Last week I joined a delegation led by Burma Campaign UK on a field trip to the border area in northern Thailand. What I saw, heard and and learned is impossible to forget. When we approached a new camp of internally displaced people on the Burmese side of the Salaween river on 15th of January I felt I was going somewhere, a one way trip bound to mark my soul.

Border tourism
Here in Chiang Mai too many tourist agencies also offer trips. "Long Neck & Elephant Riding" you read on their pamphlets. Or you get to see "Long Ears" but the Long Necks are especially popular. Far away from here you might think it is another exotic animal to ride. Unfortunately you did not guess too wrong. I haven't seen them myself but according to what the tour-sellers tell me it is a visit to a Karen tribe village where you pay an entrance fee of 5.50 euro. The fee is of course for the benefit of the village. Yes, sorry we are not talking about animals but about hill tribes that still live in the past (poor living conditions) and managed to preserve their cultures! The tourist agencies and guesthouses aim to please tourists who are interested in experiencing real traditional cultures. Tourists though can not be that ignorant and think they will ride a "Long Neck". Postcards sold or pictures trying to attract possible trip-buyers show the Karen women with their necks chained and as such prolonged to 20 or 30 cm. A rarity!

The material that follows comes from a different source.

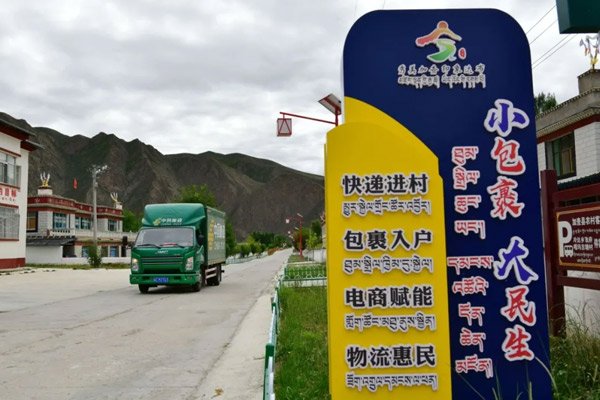 離開冷達鄉(xiāng)郵政所,采訪組繼續(xù)前行,不多時便抵達了加查縣人口最多的行政村——共康村。剛進村口,就看到了村委會門前那塊寫著“快遞進村、包裹入戶、電商賦能、物流惠民”的標牌,字里行間透著郵政服務(wù)與村民生活的緊密聯(lián)結(jié)。

Lonely Planet offers a bit more information and gives answers most the tour-vendors could not. "If you pay an entrance fee, does it mean the village is closed? Who collects the fees and for what use?" One tour operator told me: "It is like a Zoo but especially Japanese and Koreans like it. The fee is collected by a Thai organisation but they give rice to the people." According to her you even pay 11 euro if you visit individually. In an older version of Lonely Planet you read that those Karen people have arrived here from Burma 14 years ago. The 2007 version is more realistic. Speaking of Padaung refugees, Padaung being a subgroup of the Karen, whose custom to wear brass rings was dying out but got reinvigorated by money from tourism. No evidence that this deformation damages their health. The business is controlled by the Karenni National Progressive Party (KNPP), an insurgent group wanting to establish an independent state in eastern Burma. The women receive a small portion of the fees but also get income from selling handicrafts. As such the Thai authorities speak of Nai Soi, the biggest village, as a self-sustaining refugee camp and the fees are actually collected by the nice sounding 'Karenni Culture Department'.
What about responsible tourism? It is always a debate with arguments pro and contra. You can for example find some listed here.
An Australian article however gives some other sides of the stories of the villages. A refugee camp is like a prison. Everything is controlled and it is really hard to get an exit permission shows the story of a young girl who is not allowed to go to New Zealand. The article speaks about problems with refugee status and about resettlement to third countries by UNHCR (United Nations High Commissioner for Refugees). This brings me to my own experiences when I visited two camps on Burmese soil (IDP camps -internally displaced people is the term used to describe people who flee to another place but remain inside the country) and Mae La refugee camp in Thailand.

Seeking refuge
Refugees, emigrants and immigrants are often subject of intense debates and victims of tough times with bureaucracies. It is for those people that basic human rights and freedom are out of reach. People like you and me who just want to live. People who have done nothing wrong!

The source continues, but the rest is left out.